Ante la ciudadela se había trazado un rectángulo. En su interior se alternaban doce casillas blancas y doce casillas negras. Con las manos atadas a la espalda, los veinticuatro embajadores que representaban las provincias del Imperio fueron conducidos por los policías.
—Vamos a desataros —anunció Apofis, sentado en una silla de mano que dominaba el tablero— y os daremos armas. Doce de vosotros formaréis un ejército; los otros doce, su adversario.
Atónitos, los diplomáticos se plegaron a las consignas de Apofis.
—¿Contra quién voy a jugar yo?… Contra ti, mi fiel Khamudi.
El gran tesorero habría prescindido, de buena gana, de ese favor. Solo una estrategia era posible: dejar que el emperador ganara.
—Haced exactamente lo que ordeno y respetad las reglas de este juego —advirtió Apofis—; de lo contrario, los arqueros acabarán con vosotros. Ahora, sois solo peones que Khamudi y yo moveremos.
Del de más edad al más joven, los diplomáticos se estremecieron.
—Iraní, avanza una casilla en línea recta —exigió Apofis. Khamudi le opuso al nubio, armado con una lanza, como su adversario.
—Que el iraní intente eliminar al nubio —decidió el emperador.
Aterrorizados, los dos embajadores se contemplaban.
—Luchad. Que el vencedor saque del juego el cadáver del vencido y ocupe su lugar.
El iraní hirió al nubio en el brazo. Éste soltó su arma.
—¡Está vencido, señor!
—Mátalo o muere.
La lanza cayó una vez, dos, diez… Luego, el iraní arrastró el cuerpo ensangrentado fuera del rectángulo y se puso a la cabeza de los peones de Apofis.
—Te toca a ti, Khamudi.
Si se dejaba ganar con demasiada facilidad, el gran tesorero corría el riesgo de disgustar al emperador.
—Que el sirio ataque al iraní —anunció.
El iraní intentó huir, pero los arqueros lo clavaron al suelo, disparando flechas a sus piernas.
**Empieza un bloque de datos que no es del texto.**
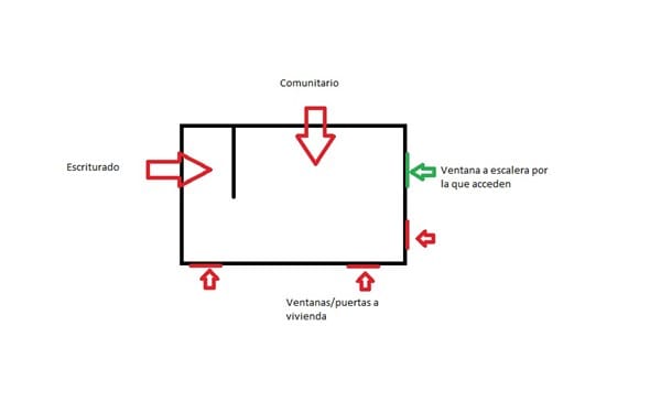 Este hecho me parece inaceptable, ya que entiendo que soy un propietario de buena fe y que, aunque tengo que facilitar el acceso al patio (en su parte comunitaria), no pueden acceder sin mi permiso ya que su uso es privativo y además se confunde la superficie comunitaria con la privada. Además la reja ha quedado abierta con posible acceso de extraños al patio y consecuentemente, a mi vivienda.

Y el sirio le aplastó la cabeza con su maza.
—No olvidéis que los vencedores salvarán la vida —añadió Apofis.
A partir de entonces, los que hacían de peones se mataron entre sí, en duelos rápidos y encarnizados.
Khamudi maniobraba bien, haciendo apasionante la partida. Vencedor, Apofis ya solo disponía de un peón, el viejo embajador cretense. Atónito, sin comprender de dónde sacaba tanta energía, apretaba la daga ensangrentada con la que había matado a tres de sus colegas.
—Como soldado victorioso, has salvado tu vida —decretó el emperador.
El cretense soltó su arma y salió titubeante del juego.
—Pero como traidor —añadió el señor de los hicsos—, debes ser castigado. Encárgate de él, Dama Aberia.